→ Aim of the task
Could you please retype exactly the lines from the start of the records below through the line that contains "Pánské tričko Kočičí", both included, and leave out the pictures?

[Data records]
╔══

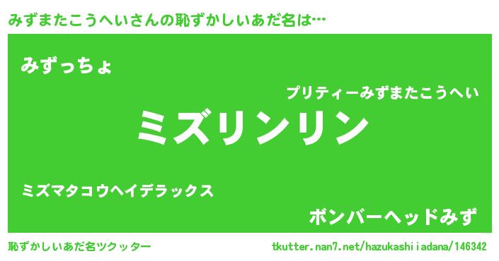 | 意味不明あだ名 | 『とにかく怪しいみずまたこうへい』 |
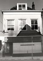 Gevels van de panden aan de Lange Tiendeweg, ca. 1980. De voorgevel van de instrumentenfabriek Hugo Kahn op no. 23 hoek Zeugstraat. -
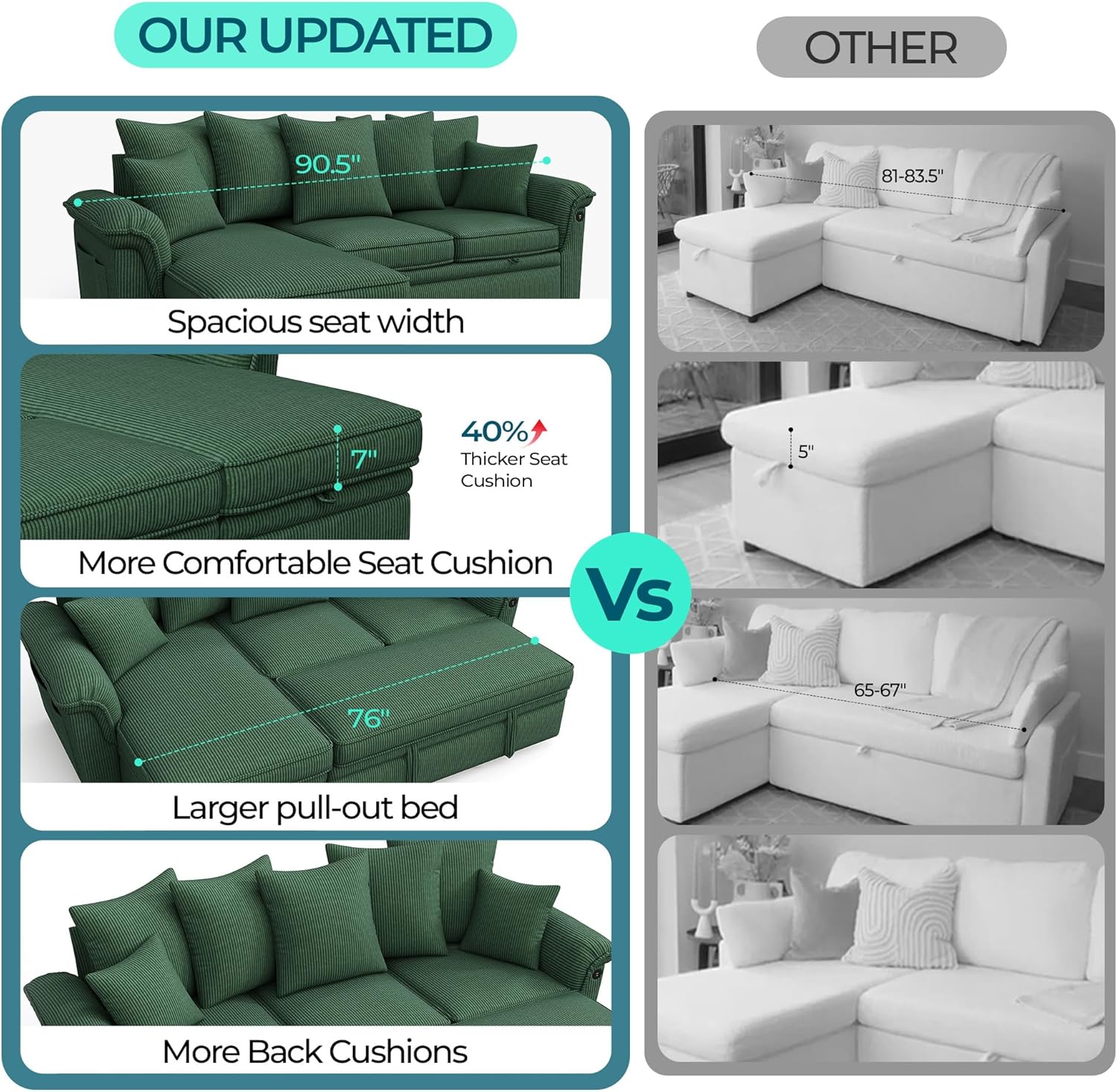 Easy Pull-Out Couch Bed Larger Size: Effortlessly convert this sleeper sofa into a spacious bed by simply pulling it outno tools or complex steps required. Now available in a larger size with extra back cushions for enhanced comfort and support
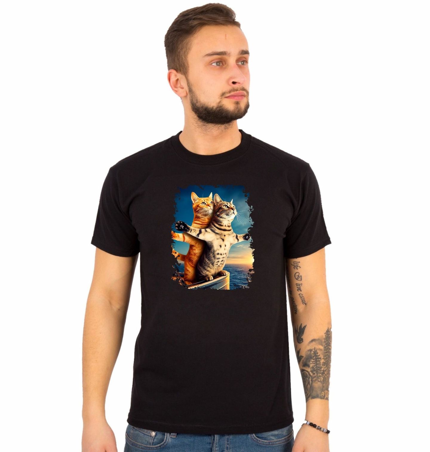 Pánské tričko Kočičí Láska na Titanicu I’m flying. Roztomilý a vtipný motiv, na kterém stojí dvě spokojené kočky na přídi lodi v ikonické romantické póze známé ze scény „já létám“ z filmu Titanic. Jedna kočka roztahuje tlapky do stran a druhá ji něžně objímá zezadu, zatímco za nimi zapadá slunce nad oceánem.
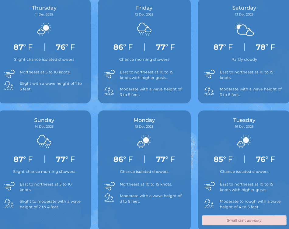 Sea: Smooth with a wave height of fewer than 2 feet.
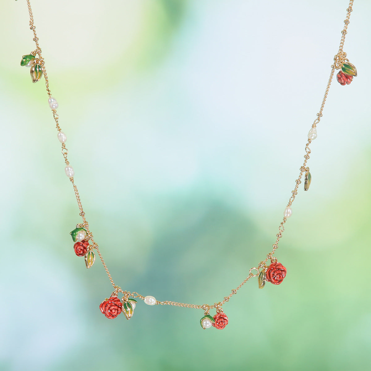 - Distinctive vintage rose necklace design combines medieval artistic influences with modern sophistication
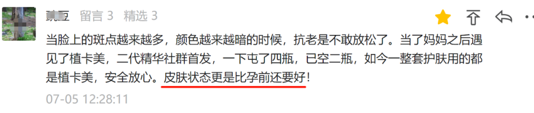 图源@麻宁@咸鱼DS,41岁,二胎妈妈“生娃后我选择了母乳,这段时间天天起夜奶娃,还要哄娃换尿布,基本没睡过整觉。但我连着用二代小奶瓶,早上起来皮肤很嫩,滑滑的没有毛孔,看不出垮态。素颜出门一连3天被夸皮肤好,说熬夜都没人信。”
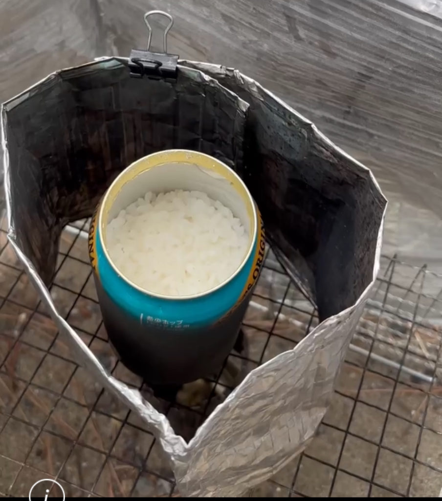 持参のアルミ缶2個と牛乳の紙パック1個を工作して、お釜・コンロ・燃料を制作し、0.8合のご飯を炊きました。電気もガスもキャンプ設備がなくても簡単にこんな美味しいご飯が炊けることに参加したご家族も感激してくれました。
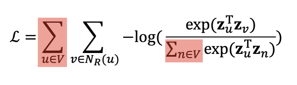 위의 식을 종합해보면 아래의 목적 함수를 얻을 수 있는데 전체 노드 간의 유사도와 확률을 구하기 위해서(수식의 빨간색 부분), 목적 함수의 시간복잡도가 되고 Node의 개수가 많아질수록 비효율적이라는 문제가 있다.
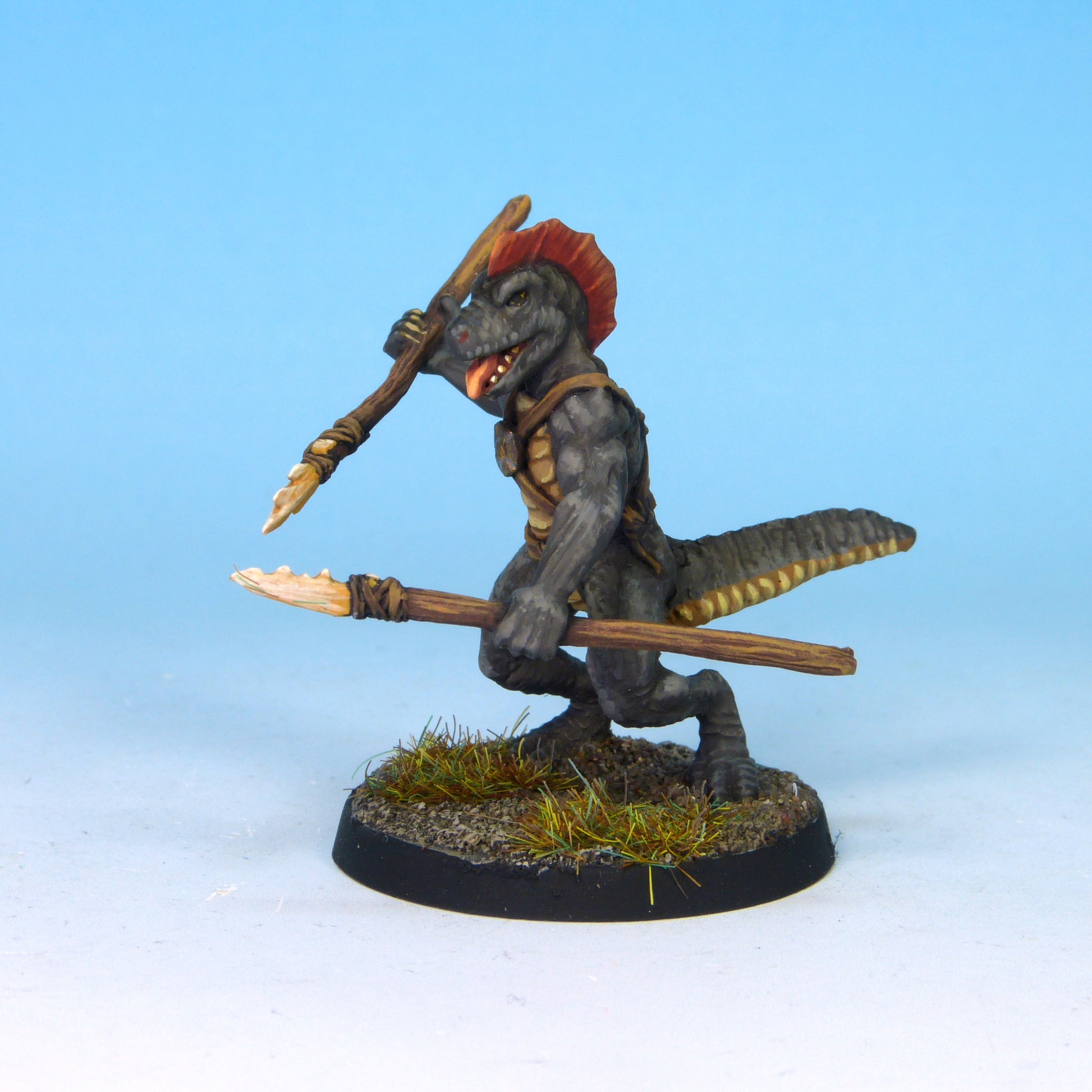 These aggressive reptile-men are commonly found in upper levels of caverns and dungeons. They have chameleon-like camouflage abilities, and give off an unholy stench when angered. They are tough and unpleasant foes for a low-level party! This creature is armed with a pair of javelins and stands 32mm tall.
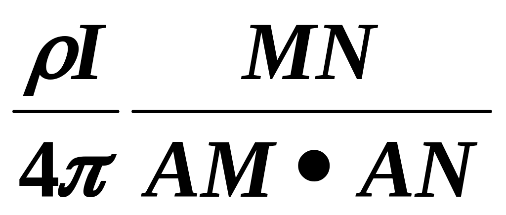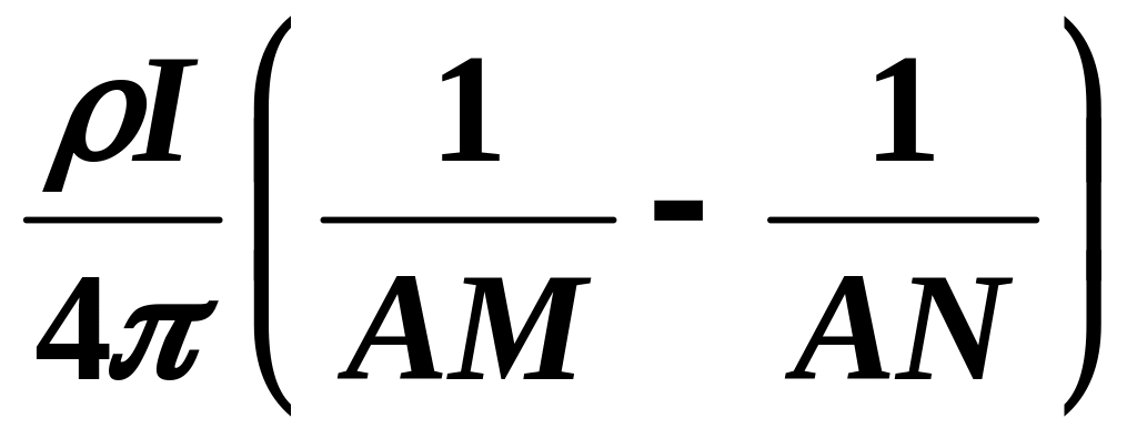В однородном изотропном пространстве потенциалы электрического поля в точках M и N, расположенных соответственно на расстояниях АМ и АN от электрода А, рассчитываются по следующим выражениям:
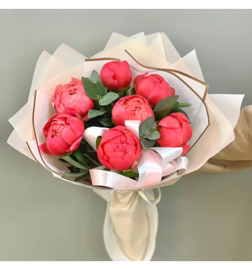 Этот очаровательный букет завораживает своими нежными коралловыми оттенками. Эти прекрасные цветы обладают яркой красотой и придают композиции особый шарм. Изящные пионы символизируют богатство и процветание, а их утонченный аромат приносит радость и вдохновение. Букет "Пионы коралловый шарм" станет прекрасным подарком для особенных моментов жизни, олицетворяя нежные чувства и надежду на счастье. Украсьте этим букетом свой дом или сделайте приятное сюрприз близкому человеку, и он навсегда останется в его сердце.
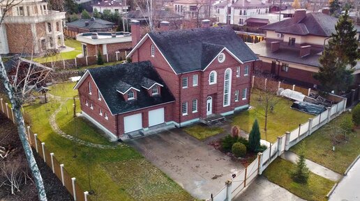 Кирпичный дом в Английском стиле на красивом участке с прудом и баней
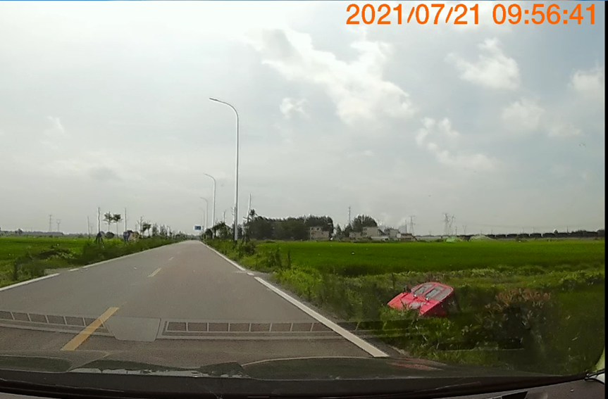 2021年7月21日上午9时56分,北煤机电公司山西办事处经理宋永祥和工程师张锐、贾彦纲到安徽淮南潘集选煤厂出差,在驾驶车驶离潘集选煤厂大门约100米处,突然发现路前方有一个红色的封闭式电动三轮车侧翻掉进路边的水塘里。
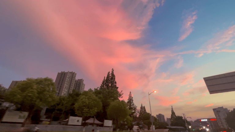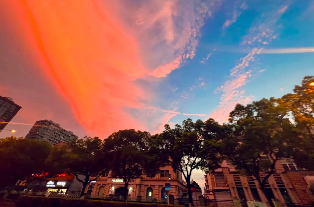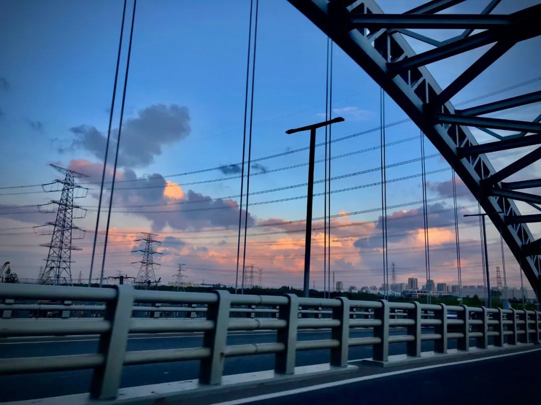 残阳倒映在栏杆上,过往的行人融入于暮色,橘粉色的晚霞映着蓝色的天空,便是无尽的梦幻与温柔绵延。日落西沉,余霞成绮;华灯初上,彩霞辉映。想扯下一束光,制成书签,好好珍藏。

╚══

→ Output of the task
 | 意味不明あだ名 | 『とにかく怪しいみずまたこうへい』 |
 Gevels van de panden aan de Lange Tiendeweg, ca. 1980. De voorgevel van de instrumentenfabriek Hugo Kahn op no. 23 hoek Zeugstraat. -
 Easy Pull-Out Couch Bed Larger Size: Effortlessly convert this sleeper sofa into a spacious bed by simply pulling it outno tools or complex steps required. Now available in a larger size with extra back cushions for enhanced comfort and support
 Pánské tričko Kočičí Láska na Titanicu I’m flying. Roztomilý a vtipný motiv, na kterém stojí dvě spokojené kočky na přídi lodi v ikonické romantické póze známé ze scény „já létám“ z filmu Titanic. Jedna kočka roztahuje tlapky do stran a druhá ji něžně objímá zezadu, zatímco za nimi zapadá slunce nad oceánem.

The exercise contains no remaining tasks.